EXERCISE GOAL: Where a picture appears, skip it; print everything else in the records exactly as it stands.
(DATA EXTRACTS Opens)
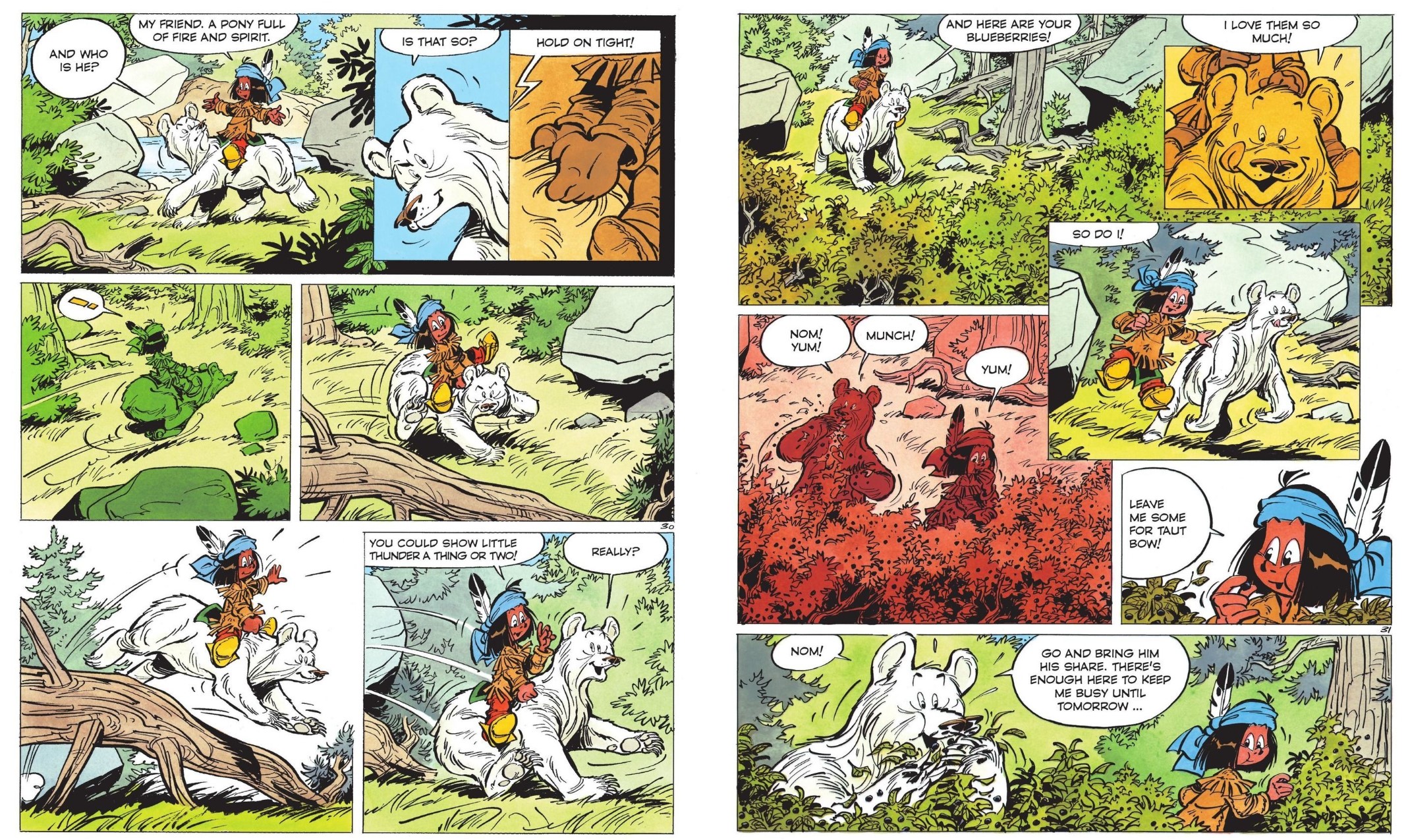 In 1998, Yakari et l‘Ours fantôme became the 24th European album, but as always, content and set-up are both stunningly simple and sublimely accessible, affording new readers total enjoyment with a minimum of familiarity or foreknowledge required…
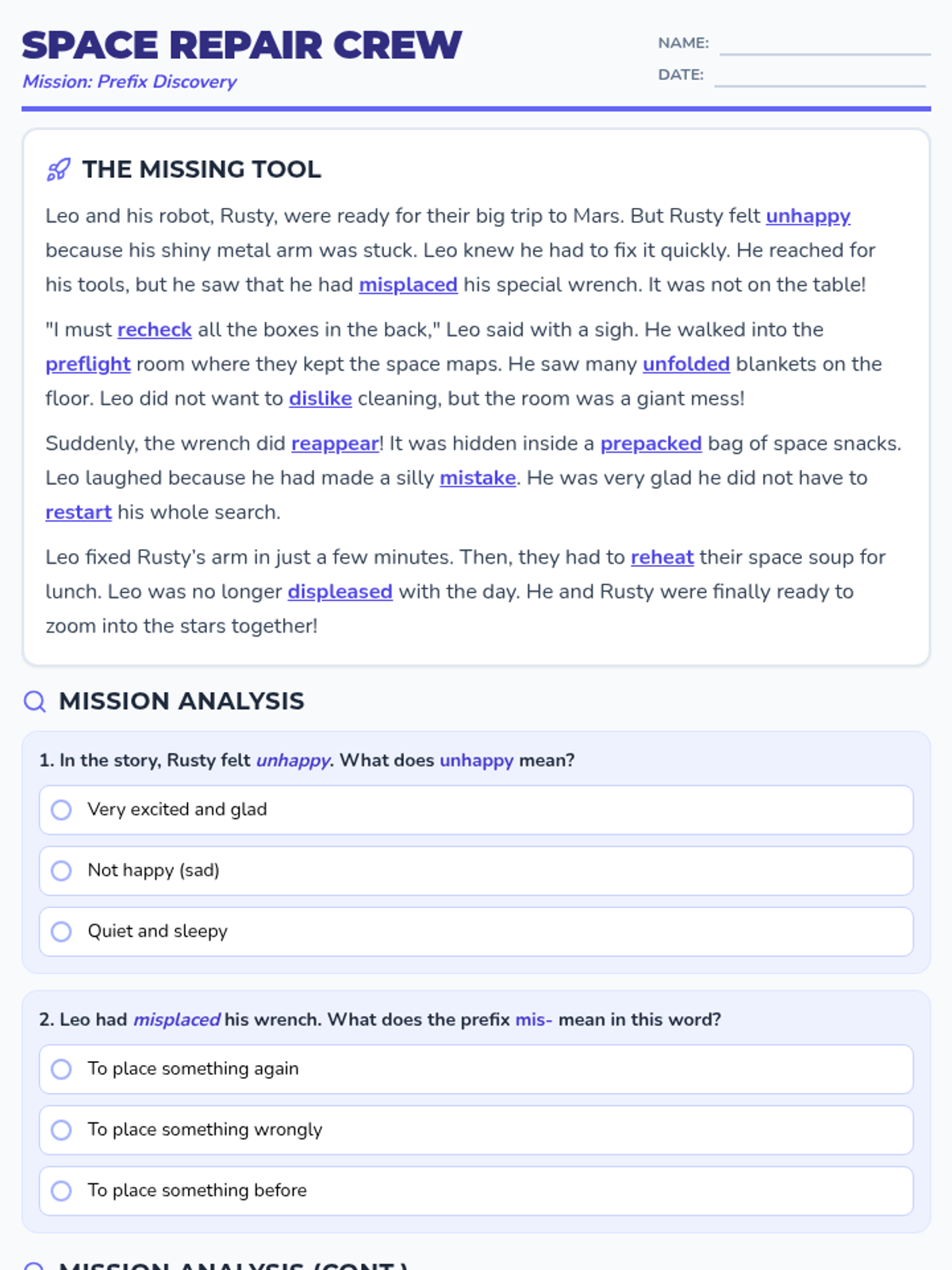 A space-themed reading passage for 2nd graders featuring common prefixes (un-, re-, dis-, pre-, mis-) with context-based comprehension questions and a matching activity. Consolidated to 2 pages with improved legibility for student work.
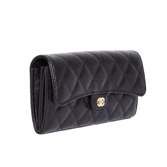 CHANEL Classic Black Caviar Long Flap Wallet Black
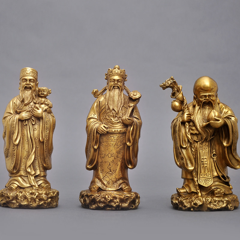 黄铜福禄寿三星摆件招财工艺品客厅电视柜玄关办公桌装饰品礼品
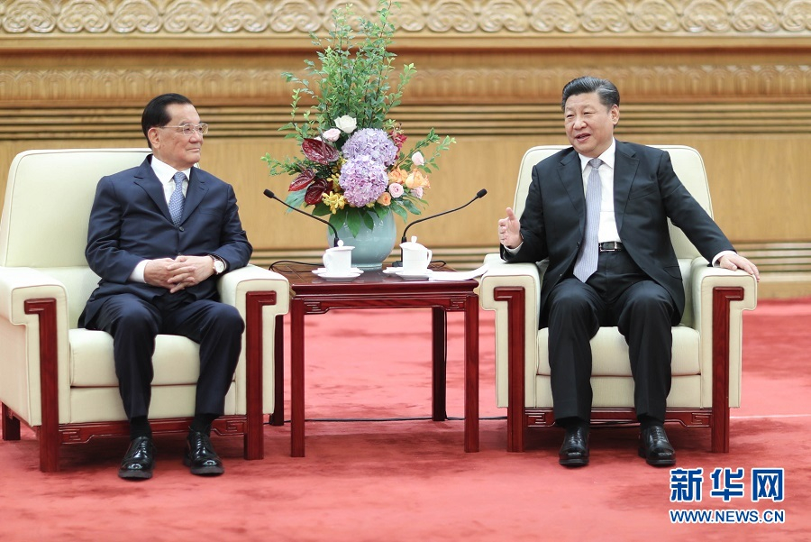 7月13日,中共中央總書記習(xí)近平在北京人民大會堂會見中國國民黨前主席連戰(zhàn)率領(lǐng)的臺灣各界人士參訪團(tuán)。 新華社記者鞠鵬攝
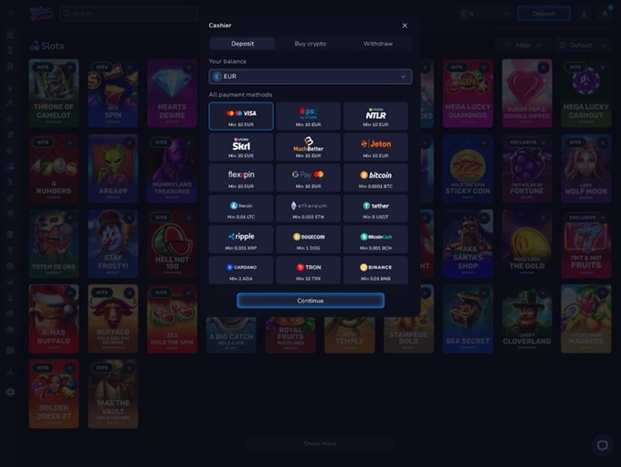 - Banking: Bank Wire Transfer, InstaDebit,Interac,Maestro, MasterCard Credit, Skrill, NETELLER, Paysafecard, Visa Credit,Visa Debit,Yandex / Yoo Money,Neosurf,Payz,iDebit, Bitcoin, Zimpler, EcoVoucher, AstroPay Card, Flexepin, Litecoin, Ethereum, Bitcoin Cash, Dogecoin, MuchBetter, Ripple, Tether, Rapid Transfer, TRON, MasterCard Debit, MiFinity, STICPAY,CashtoCode,eZeeWallet, Cardano, Piastrix,Vega Wallet,Binance+33 moreShow less...
(DATA EXTRACTS Closes)
SOLUTION TO THIS EXERCISE:
 In 1998, Yakari et l‘Ours fantôme became the 24th European album, but as always, content and set-up are both stunningly simple and sublimely accessible, affording new readers total enjoyment with a minimum of familiarity or foreknowledge required…
 A space-themed reading passage for 2nd graders featuring common prefixes (un-, re-, dis-, pre-, mis-) with context-based comprehension questions and a matching activity. Consolidated to 2 pages with improved legibility for student work.
 CHANEL Classic Black Caviar Long Flap Wallet Black
 黄铜福禄寿三星摆件招财工艺品客厅电视柜玄关办公桌装饰品礼品
 7月13日,中共中央總書記習(xí)近平在北京人民大會堂會見中國國民黨前主席連戰(zhàn)率領(lǐng)的臺灣各界人士參訪團(tuán)。 新華社記者鞠鵬攝
 - Banking: Bank Wire Transfer, InstaDebit,Interac,Maestro, MasterCard Credit, Skrill, NETELLER, Paysafecard, Visa Credit,Visa Debit,Yandex / Yoo Money,Neosurf,Payz,iDebit, Bitcoin, Zimpler, EcoVoucher, AstroPay Card, Flexepin, Litecoin, Ethereum, Bitcoin Cash, Dogecoin, MuchBetter, Ripple, Tether, Rapid Transfer, TRON, MasterCard Debit, MiFinity, STICPAY,CashtoCode,eZeeWallet, Cardano, Piastrix,Vega Wallet,Binance+33 moreShow less...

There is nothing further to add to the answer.